• [PROBLEM STATEMENT]:
Among the records below, find the lines that contain "warm" and copy each of them.

(Source records)
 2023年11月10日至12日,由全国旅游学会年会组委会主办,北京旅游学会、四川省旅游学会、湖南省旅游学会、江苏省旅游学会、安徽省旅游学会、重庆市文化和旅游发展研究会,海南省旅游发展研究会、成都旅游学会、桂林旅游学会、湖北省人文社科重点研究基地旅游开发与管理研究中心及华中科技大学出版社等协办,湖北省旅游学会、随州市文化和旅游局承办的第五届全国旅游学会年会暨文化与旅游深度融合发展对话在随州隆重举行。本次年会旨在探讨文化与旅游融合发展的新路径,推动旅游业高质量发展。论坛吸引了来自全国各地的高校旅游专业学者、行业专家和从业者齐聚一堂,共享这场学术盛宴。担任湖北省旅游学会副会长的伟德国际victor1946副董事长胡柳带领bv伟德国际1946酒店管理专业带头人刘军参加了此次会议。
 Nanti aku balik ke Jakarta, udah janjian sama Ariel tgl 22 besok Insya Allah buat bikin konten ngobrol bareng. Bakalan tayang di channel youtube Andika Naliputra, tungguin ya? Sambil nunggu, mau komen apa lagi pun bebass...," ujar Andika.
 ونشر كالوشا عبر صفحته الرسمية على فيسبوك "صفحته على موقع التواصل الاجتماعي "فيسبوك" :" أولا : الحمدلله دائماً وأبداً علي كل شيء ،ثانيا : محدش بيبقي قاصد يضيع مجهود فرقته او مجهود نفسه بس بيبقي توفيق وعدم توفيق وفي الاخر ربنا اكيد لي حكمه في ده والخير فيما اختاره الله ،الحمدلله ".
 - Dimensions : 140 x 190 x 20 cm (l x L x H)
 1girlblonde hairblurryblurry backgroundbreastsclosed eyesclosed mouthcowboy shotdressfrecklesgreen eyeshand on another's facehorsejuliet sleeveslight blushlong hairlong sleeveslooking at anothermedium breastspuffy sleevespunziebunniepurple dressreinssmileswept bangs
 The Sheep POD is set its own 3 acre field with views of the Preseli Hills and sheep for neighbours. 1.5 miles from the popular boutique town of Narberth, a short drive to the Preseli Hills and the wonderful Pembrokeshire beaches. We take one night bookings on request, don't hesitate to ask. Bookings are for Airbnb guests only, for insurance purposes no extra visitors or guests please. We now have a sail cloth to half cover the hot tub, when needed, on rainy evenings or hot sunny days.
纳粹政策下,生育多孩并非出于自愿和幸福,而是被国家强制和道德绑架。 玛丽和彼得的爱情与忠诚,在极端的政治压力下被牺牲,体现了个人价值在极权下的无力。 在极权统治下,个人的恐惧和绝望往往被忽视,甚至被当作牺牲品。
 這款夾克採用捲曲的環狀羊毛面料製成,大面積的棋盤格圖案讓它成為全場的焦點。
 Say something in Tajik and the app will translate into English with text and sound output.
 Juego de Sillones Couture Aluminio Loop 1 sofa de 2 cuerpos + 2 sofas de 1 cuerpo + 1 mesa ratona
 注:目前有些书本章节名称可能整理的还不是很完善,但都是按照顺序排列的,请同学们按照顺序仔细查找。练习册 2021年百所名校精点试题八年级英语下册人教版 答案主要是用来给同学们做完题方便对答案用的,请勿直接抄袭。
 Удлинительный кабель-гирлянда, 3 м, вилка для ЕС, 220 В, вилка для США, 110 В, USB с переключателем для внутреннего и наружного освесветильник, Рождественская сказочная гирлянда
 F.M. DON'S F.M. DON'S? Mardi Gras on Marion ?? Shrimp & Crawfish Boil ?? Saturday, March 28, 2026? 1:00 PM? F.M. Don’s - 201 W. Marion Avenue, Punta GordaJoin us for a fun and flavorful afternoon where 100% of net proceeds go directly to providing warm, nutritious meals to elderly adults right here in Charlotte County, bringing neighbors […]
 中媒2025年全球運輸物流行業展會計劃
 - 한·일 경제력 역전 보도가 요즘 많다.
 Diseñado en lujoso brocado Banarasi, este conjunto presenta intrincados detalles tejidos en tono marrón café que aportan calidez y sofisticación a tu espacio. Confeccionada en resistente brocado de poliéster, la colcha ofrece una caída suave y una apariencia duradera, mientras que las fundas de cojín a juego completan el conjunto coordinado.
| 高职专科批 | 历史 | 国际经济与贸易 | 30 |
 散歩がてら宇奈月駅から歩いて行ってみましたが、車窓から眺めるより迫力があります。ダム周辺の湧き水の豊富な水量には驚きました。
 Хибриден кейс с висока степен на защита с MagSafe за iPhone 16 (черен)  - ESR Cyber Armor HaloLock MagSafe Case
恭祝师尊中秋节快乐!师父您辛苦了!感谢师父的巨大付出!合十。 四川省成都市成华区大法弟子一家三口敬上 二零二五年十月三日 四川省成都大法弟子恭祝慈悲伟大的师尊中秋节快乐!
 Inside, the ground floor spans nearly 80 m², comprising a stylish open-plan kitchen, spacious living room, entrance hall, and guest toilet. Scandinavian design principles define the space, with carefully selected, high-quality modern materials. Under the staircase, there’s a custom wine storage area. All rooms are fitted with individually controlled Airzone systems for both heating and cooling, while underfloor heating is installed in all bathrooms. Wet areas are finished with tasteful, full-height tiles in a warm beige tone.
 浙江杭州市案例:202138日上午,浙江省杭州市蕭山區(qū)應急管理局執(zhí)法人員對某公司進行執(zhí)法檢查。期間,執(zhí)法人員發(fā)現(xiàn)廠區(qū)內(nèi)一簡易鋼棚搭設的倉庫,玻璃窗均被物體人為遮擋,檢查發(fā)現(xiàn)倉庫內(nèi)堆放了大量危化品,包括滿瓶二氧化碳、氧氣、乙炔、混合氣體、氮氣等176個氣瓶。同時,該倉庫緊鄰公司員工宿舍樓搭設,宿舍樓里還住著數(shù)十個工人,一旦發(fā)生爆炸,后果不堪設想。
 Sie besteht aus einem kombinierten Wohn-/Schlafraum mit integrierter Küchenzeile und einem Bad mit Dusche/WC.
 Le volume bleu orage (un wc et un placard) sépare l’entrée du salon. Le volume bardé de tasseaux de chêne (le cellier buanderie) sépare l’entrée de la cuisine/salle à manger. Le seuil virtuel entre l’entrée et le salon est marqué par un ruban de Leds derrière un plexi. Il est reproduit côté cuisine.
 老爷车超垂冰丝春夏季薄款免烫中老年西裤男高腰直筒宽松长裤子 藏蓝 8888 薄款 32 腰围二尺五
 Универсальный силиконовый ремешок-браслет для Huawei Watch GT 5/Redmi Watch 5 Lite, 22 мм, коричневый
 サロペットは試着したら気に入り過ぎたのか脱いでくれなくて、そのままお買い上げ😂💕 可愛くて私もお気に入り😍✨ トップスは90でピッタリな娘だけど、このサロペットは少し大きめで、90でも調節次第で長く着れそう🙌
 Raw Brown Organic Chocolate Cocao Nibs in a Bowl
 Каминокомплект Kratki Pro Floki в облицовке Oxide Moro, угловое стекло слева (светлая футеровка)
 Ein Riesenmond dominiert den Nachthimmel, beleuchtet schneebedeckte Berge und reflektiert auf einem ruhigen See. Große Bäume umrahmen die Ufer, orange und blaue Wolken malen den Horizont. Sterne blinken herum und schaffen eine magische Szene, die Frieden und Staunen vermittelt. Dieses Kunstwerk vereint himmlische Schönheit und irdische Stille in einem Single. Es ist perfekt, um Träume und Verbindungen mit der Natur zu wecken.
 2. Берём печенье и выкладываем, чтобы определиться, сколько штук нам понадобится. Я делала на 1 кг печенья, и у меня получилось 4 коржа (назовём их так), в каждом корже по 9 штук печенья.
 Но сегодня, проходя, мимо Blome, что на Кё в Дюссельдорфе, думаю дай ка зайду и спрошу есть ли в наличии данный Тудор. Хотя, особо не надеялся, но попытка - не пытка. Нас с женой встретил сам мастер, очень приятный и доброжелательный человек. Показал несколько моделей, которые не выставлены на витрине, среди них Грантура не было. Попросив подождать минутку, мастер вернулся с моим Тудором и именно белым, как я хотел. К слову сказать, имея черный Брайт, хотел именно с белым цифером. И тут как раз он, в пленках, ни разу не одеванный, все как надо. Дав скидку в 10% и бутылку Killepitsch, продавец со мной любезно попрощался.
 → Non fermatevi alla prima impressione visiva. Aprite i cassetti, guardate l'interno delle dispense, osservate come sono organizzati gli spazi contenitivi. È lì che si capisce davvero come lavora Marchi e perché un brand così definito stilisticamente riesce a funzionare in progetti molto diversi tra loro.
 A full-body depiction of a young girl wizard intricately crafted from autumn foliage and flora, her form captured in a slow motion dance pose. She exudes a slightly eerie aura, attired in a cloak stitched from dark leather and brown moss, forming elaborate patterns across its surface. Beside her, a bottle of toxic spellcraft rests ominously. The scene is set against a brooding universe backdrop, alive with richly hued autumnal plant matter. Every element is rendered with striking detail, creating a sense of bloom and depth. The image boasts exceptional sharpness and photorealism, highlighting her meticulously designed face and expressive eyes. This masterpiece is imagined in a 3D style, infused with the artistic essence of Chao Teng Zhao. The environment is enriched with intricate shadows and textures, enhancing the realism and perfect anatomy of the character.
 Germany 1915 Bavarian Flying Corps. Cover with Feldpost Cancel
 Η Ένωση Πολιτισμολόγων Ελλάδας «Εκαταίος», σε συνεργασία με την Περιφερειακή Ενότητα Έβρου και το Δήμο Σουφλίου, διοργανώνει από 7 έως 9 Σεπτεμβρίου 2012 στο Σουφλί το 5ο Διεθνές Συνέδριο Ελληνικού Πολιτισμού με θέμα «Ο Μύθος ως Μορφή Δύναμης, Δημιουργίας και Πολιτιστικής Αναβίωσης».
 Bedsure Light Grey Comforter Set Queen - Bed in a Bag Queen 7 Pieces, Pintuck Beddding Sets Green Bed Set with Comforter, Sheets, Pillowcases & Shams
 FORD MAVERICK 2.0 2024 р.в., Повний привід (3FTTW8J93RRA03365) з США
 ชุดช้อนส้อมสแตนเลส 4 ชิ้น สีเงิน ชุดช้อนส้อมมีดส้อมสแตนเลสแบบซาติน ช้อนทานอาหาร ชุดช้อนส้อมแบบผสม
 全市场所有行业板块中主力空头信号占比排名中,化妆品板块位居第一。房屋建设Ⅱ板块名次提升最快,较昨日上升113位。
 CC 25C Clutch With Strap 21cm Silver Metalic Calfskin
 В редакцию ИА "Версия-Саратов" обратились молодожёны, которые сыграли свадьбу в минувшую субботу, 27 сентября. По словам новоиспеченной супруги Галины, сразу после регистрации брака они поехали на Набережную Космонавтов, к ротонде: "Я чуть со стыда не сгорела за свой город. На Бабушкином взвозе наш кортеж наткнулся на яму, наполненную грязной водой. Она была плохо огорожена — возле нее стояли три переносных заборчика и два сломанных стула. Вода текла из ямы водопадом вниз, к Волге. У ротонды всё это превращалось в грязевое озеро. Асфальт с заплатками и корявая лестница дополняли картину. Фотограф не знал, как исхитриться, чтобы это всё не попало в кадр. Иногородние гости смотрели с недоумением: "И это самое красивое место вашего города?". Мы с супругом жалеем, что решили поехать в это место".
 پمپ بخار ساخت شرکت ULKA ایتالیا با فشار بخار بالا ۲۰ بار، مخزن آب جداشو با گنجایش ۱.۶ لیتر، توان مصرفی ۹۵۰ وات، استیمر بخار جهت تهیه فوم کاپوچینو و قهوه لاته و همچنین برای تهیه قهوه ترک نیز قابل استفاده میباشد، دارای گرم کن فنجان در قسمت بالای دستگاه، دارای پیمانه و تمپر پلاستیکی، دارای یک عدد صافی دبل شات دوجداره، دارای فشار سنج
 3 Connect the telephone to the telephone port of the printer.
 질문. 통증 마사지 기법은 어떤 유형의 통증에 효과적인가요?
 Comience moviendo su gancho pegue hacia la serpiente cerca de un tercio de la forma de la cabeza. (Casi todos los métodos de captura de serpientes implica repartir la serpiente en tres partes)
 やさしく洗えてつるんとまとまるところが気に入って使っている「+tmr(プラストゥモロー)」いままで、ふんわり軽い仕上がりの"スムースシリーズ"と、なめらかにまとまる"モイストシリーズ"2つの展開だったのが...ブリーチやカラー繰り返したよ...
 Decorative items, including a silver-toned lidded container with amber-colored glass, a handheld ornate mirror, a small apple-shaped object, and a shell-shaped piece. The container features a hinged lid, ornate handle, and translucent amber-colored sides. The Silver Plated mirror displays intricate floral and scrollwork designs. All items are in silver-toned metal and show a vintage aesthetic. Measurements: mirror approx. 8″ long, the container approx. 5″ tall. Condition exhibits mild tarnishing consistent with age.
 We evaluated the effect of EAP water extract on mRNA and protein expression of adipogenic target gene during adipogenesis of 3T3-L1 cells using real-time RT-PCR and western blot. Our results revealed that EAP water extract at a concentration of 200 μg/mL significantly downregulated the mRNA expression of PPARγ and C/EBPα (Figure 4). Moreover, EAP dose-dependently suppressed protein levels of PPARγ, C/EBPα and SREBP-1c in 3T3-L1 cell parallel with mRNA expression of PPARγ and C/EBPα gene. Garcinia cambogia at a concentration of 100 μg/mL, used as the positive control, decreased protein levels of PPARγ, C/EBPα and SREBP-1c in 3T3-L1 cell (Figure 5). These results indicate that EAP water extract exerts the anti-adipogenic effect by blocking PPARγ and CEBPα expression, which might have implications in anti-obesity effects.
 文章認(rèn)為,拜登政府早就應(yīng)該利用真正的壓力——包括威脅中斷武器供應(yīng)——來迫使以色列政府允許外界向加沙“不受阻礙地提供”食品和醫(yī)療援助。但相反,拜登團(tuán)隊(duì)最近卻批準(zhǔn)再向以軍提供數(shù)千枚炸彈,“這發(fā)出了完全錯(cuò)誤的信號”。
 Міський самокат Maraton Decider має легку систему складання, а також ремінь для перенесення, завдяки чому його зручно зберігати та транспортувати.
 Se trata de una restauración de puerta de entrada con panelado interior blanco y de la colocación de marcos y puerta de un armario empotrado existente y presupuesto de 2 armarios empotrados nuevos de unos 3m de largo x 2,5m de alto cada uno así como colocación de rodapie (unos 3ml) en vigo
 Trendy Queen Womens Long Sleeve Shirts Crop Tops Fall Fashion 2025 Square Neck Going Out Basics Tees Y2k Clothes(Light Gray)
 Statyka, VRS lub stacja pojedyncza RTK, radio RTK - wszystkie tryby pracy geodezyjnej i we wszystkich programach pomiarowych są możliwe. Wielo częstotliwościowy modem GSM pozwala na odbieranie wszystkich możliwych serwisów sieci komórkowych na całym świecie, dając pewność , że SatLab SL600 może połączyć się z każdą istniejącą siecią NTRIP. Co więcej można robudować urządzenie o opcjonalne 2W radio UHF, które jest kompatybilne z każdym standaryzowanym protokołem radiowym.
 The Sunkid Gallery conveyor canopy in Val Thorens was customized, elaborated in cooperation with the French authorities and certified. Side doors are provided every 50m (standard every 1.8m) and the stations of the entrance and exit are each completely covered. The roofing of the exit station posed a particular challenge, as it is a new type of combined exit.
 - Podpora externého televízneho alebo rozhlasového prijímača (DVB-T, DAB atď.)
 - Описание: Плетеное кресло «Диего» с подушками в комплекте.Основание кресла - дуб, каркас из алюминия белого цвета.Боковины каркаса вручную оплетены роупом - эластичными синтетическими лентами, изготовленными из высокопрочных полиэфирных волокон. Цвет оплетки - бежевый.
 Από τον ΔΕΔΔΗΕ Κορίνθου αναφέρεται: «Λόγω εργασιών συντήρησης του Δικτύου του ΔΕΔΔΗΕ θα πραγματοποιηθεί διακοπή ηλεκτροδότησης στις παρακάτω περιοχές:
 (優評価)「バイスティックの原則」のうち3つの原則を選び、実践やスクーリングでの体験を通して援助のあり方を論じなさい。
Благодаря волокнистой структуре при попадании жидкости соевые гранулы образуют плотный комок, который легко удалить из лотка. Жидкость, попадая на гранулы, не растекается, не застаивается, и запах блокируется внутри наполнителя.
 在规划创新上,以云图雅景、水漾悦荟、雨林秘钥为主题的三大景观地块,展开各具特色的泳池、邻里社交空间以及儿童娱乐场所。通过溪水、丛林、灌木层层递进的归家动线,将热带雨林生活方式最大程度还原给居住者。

• [RESPONSE AREA]:
 F.M. DON'S F.M. DON'S? Mardi Gras on Marion ?? Shrimp & Crawfish Boil ?? Saturday, March 28, 2026? 1:00 PM? F.M. Don’s - 201 W. Marion Avenue, Punta GordaJoin us for a fun and flavorful afternoon where 100% of net proceeds go directly to providing warm, nutritious meals to elderly adults right here in Charlotte County, bringing neighbors […]
 Inside, the ground floor spans nearly 80 m², comprising a stylish open-plan kitchen, spacious living room, entrance hall, and guest toilet. Scandinavian design principles define the space, with carefully selected, high-quality modern materials. Under the staircase, there’s a custom wine storage area. All rooms are fitted with individually controlled Airzone systems for both heating and cooling, while underfloor heating is installed in all bathrooms. Wet areas are finished with tasteful, full-height tiles in a warm beige tone.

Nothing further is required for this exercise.